I am glad that you acknowledge the fact of your noble birth. And the fact that I am a farmer’s daughter.

Here is another fact for you.

When you are fifty-three, I will be seventy, if I am still alive.

Mrs. Edward Lovelock.

To Kate, who holds my heart ruthlessly in her fist and crushes it—

I am trying out new salutations with each letter, in the hope that I will find just the right one that will make you melt and you will consent to see me.

But as to the content of your last letter—oh, Kate, Kate, Kate, I shake my head.

I pray that you will reach seventy. And if you do, would it be so bad to have a fifty-three-year-old companion of the heart? It is my understanding that appetites are well matched throughout a lifetime when a decade or more separates the ages of lovers. With the male being born second, that is.

And as to how I would feel at fifty-three about having a seventy-year-old lady love? If she were you, I would hope that she still remembered me, that she still kissed me, that she still reached for my ticklish knees, and that she leaned heavily on my arm as we climbed the steps to bed each night (or alternately, that my back was still strong and she let me carry her).

Always your Jamie.

To his Right Honorable Marquess of Daventry, James Cavendish:

You are very clever at provoking me into an answer. Each letter I write to you, I intend to be the last, but then you write nonsense, and I feel I must say something in response.

Who will give you sons, Jamie?

Mrs. Edward Lovelock.

Kate—

What need have I for sons if I can have you?

I thank you for your worry, but my father has a younger brother. Who has TWO sons. One of my cousins has knock knees and the other a squint. But they will do.

Kate, I can’t help but think that your stated objections—our ranks, our ages, the expectation that I produce heirs—are not the real reasons you reject me.

But I can do better. I can be better.

You already know, to some degree, that I am not the feckless cad and inebriate I am reputed to be. But I am still so far from being the man I want to be for you. The man you should have.

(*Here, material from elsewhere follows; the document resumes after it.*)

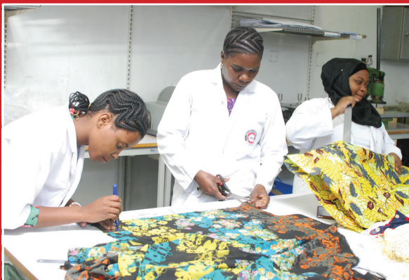
Sample preparation in the Textile and leather laboratory

I wish you would tell me why you don’t want me so that I may amend the faults you find most grievous first.

Always your Jamie.

To his Right Honorable Marquess of Daventry, James Cavendish:

If I concede that there is another reason that we have no future—one that has naught to do with you and only to do with me, will you let me be?

Mrs. Edward Lovelock.

Dearest Kate—

I have enclosed a key to my rooms. Come to me and tell me this reason.

Always your Jamie.

Dear Catherine—

The best part of every day is the time I spend in walking from my rooms to your house. Hope springs eternal, et cetera. I even have come to enjoy my intercourse with your butler. Chelsom is his name, is it not? The way he varies what he says to me. Sometimes it is “Mrs. Lovelock is not at home” and sometimes “Mrs. Lovelock is not receiving visitors.” Sometimes, he breaks all propriety and adds the phrase “at present” to either of the above sentences.

I have heard nothing from you in a week. I had hoped you would come to me and we would discuss your mysterious reason for keeping us apart. Did you receive my key? Are you well?

Always your Jamie.

Catherine—

Answer me. Please. I am very close to hopping your garden wall if only to catch a glimpse of you and see that you are well.

Always your Jamie.

Dear Mrs. Edward Lovelock:

Please acknowledge this letter in some way. I had thought that I was in agony before when my only contact with you was by letter but now that your words have stopped, I know that state was but a pitifully weak imitation of agony.

James Cavendish, Marquess of Daventry.